What is the maximum number of nodes in an AVL tree of height h?
Practice Questions
Q1
What is the maximum number of nodes in an AVL tree of height h?
2^h - 1
2^(h+1) - 1
Fibonacci(h+2) - 1
h^2
Questions & Step-by-Step Solutions
What is the maximum number of nodes in an AVL tree of height h?
Step 1: Understand what an AVL tree is. An AVL tree is a type of binary search tree that maintains balance, meaning the heights of the two child subtrees of any node differ by at most one.

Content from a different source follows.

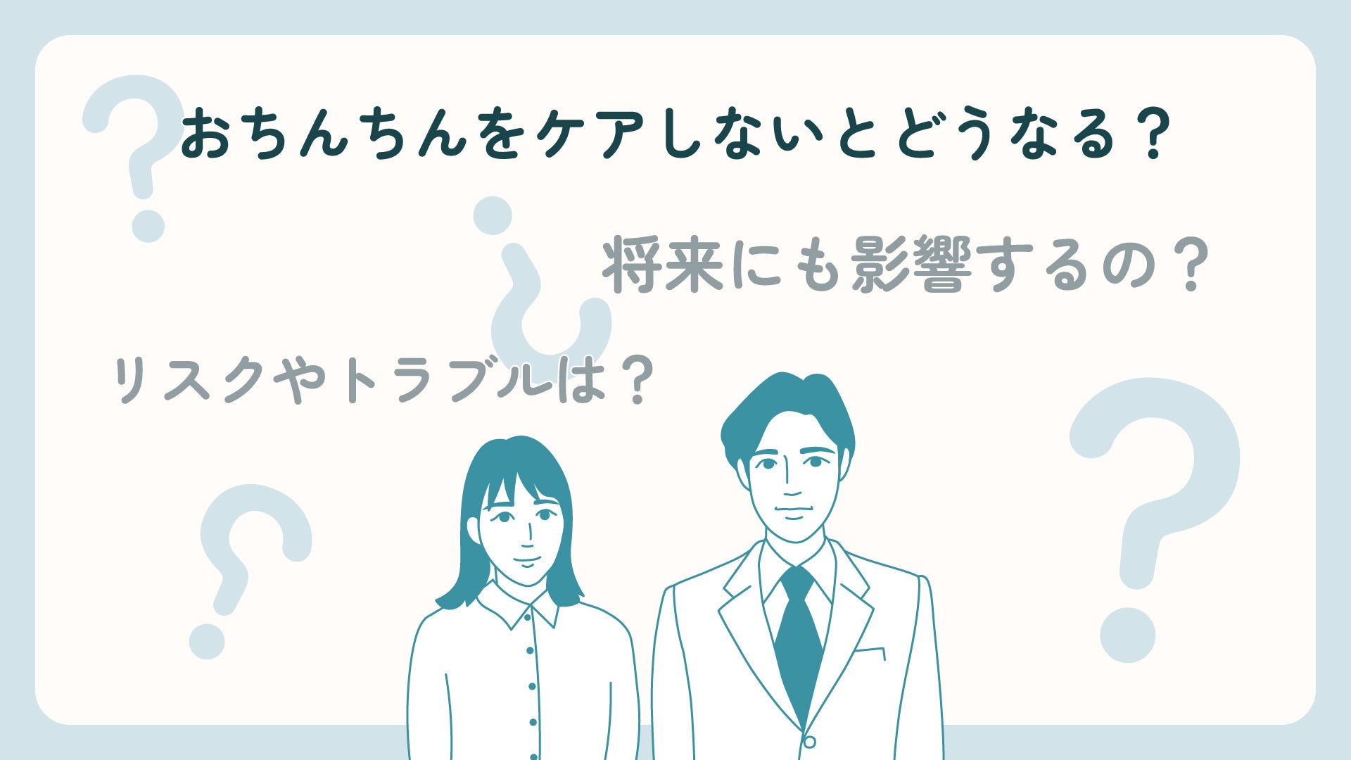 最も多いのは亀頭包皮炎で、包皮の中に汚れがたまり、そのままにしておくと細菌が繁殖して炎症を引き起こすことがあります。かゆみや痛みを伴い、悪化すると治療が必要になることもあります。

Step 2: Know what height means. The height of a tree is the number of edges on the longest path from the root to a leaf.
Step 3: Recognize that the maximum number of nodes in an AVL tree increases as the height increases.
Step 4: Learn about Fibonacci numbers. The Fibonacci sequence starts with 0 and 1, and each subsequent number is the sum of the two preceding ones: 0, 1, 1, 2, 3, 5, 8, 13, ...
Step 5: The formula for the maximum number of nodes in an AVL tree of height h is Fibonacci(h + 2) - 1. This means you find the Fibonacci number at position (h + 2) and then subtract 1.
Step 6: For example, if h = 3, calculate Fibonacci(3 + 2) = Fibonacci(5) which is 5. Then subtract 1 to get 4, which is the maximum number of nodes in an AVL tree of height 3.